■ **Extracted material**

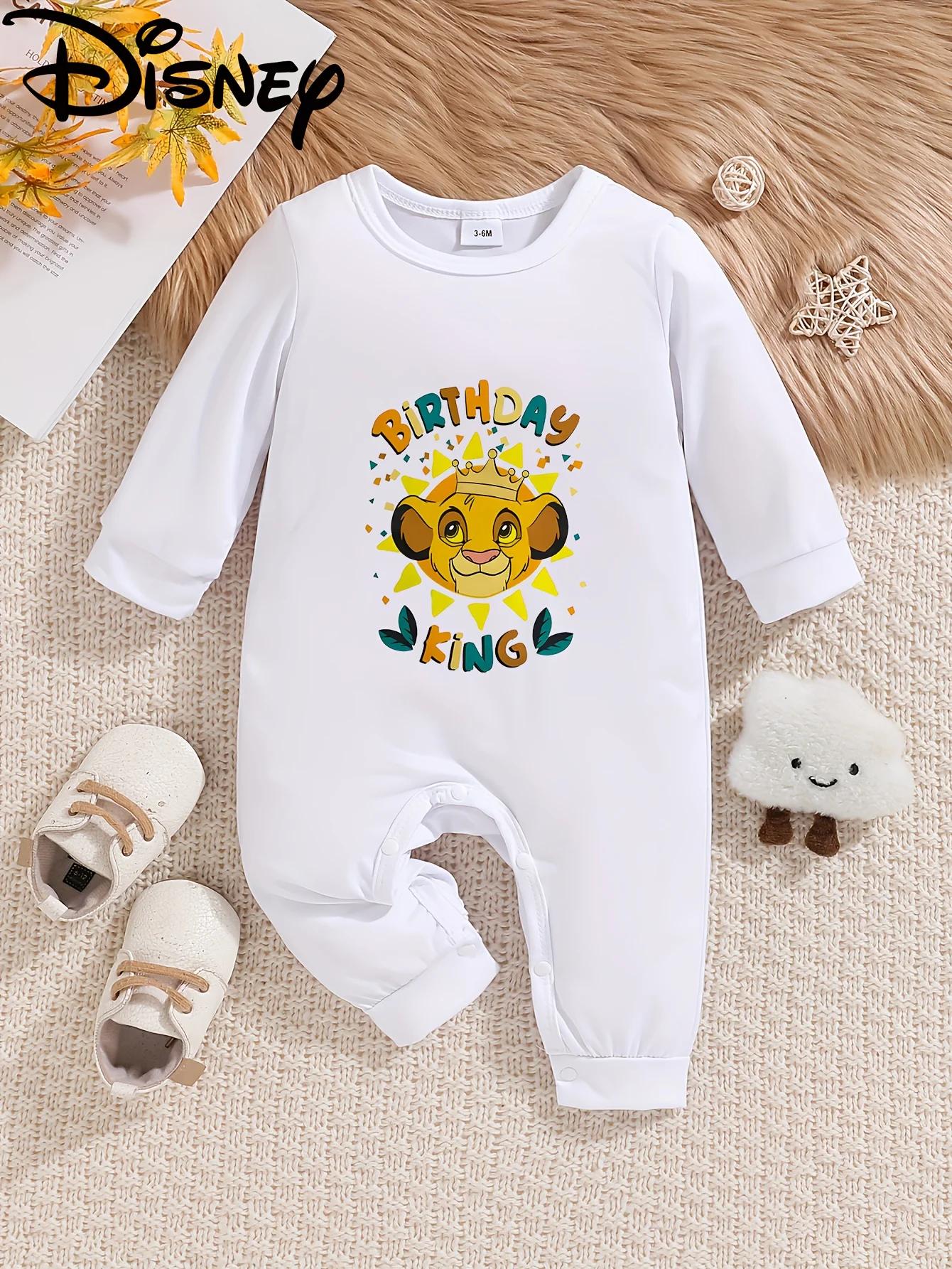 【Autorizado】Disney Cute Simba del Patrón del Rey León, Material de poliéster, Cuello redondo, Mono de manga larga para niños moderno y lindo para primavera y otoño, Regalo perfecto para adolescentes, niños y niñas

---

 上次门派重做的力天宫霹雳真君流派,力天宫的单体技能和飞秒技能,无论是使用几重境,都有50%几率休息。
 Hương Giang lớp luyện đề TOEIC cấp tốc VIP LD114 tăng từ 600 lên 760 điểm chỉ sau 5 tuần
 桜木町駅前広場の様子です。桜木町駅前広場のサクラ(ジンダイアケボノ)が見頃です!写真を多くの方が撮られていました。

---

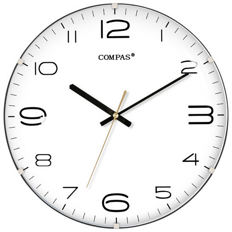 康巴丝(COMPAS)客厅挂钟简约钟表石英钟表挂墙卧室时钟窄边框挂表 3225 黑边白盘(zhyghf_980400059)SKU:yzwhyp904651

■ **What to do**
Look through the entries above and quote exactly the lines from the line with "Hương Giang lớp" to the line with "桜木町駅前広場の様子です。桜", counting both of those lines.

■ **Result**
 Hương Giang lớp luyện đề TOEIC cấp tốc VIP LD114 tăng từ 600 lên 760 điểm chỉ sau 5 tuần
 桜木町駅前広場の様子です。桜木町駅前広場のサクラ(ジンダイアケボノ)が見頃です!写真を多くの方が撮られていました。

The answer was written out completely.